You don't have to be an idiot to ensure that the woman who cooks, cleans and makes love with you is taken care of after you pass. She is 18 years younger than me and a much better wife than the Canadian wife I was with for 30 years.

I'd prefer my women to think, "When he was alive he paid for everything and life was easy, now he's dead I'm poor and wishing he was still here"

Rather than, "I wish he had died 10 years earlier so I could have enjoyed his money with my new Thai husband when I was still young"

 

18 years younger ...... I'm sure she loves you for your great body and amazing personality, and will be sorry when you're gone.

 

But we can agree on your final sentence.

The young Thai woman I pay to be my 'wife' is a much better wife than the Brit wife I was with for 30 years.

 

 

1 hour ago, brianthainess said:

Yet your marriage extension is not extended for that duration, say if your wife was to die 11mths into your extension, and you will have to find funds till/if sold

Another reason to go for retirement rather than marriage if one is old enough.

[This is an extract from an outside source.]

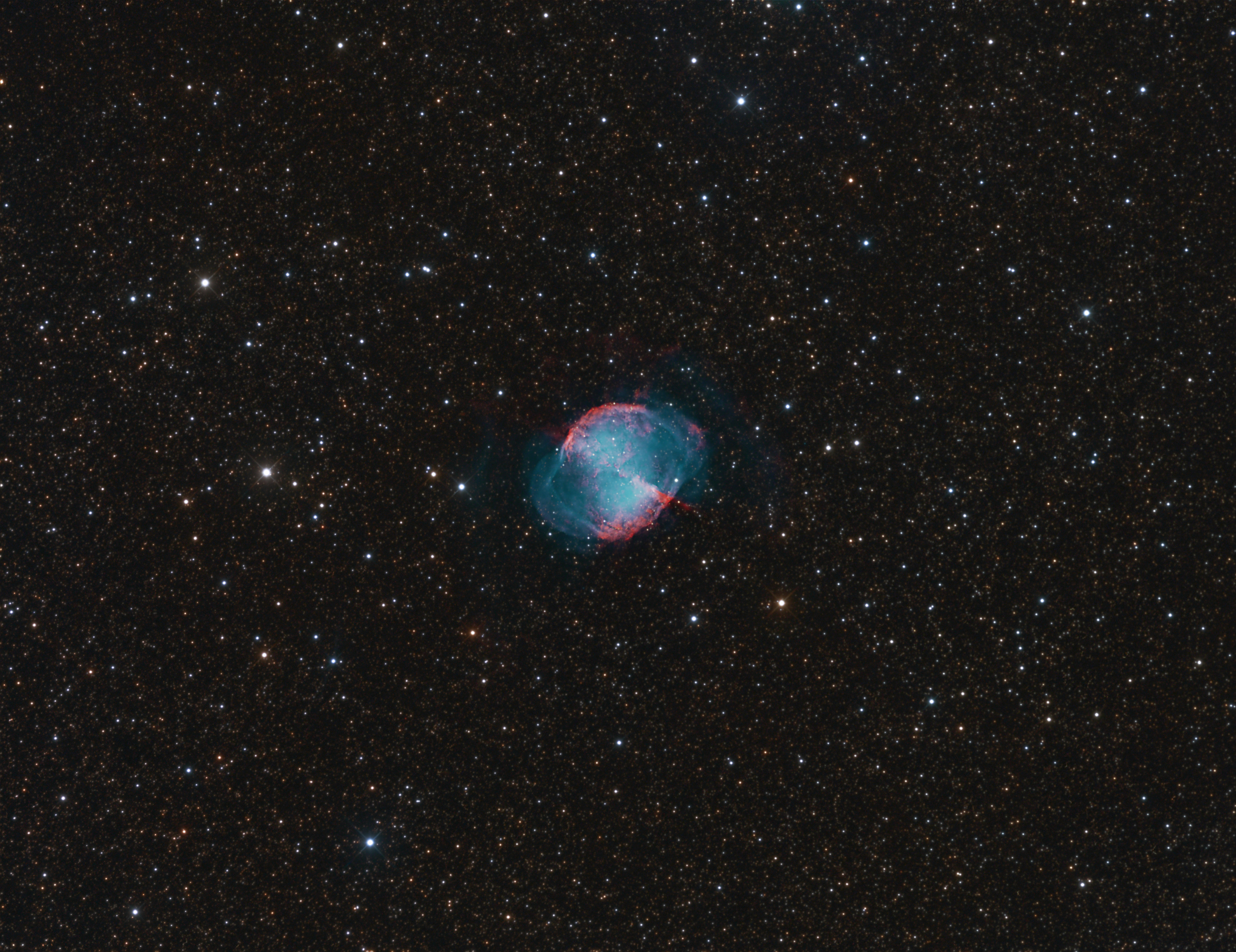 M 27 ist ein heller Planetarischer Nebel in rund 1300 Lichtjahren Entfernung. Er ist das Ergebnis einer von einem Roten Riesen in seiner Endphase abgestoßenen Hülle. Diese dehnt sich nach wie vor mit etwa 30 km/s aus. Der Kern des Riesensternes ist ein über 100000 Kelvin heißer Weißer Zwerg im Zentrum des Nebels.

18 hours ago, sanuk711 said:

I'm sure you have got nothing to worry about ramros711.....

Just the way you worded the post.... "My wife and I were renting a house, then I built one got a lawyer to do a contract.....etc

Most people wouldn't have guessed your lawyer was doing a pre-nup.---anyway, good luck. Sorry for the misunderstanding.  The info is there for anyone else-- its not just about houses.....all contracts business/ cars anything--no contract is binding if married.

 

You are correct, she was not my wife at the time we built the house, very observant.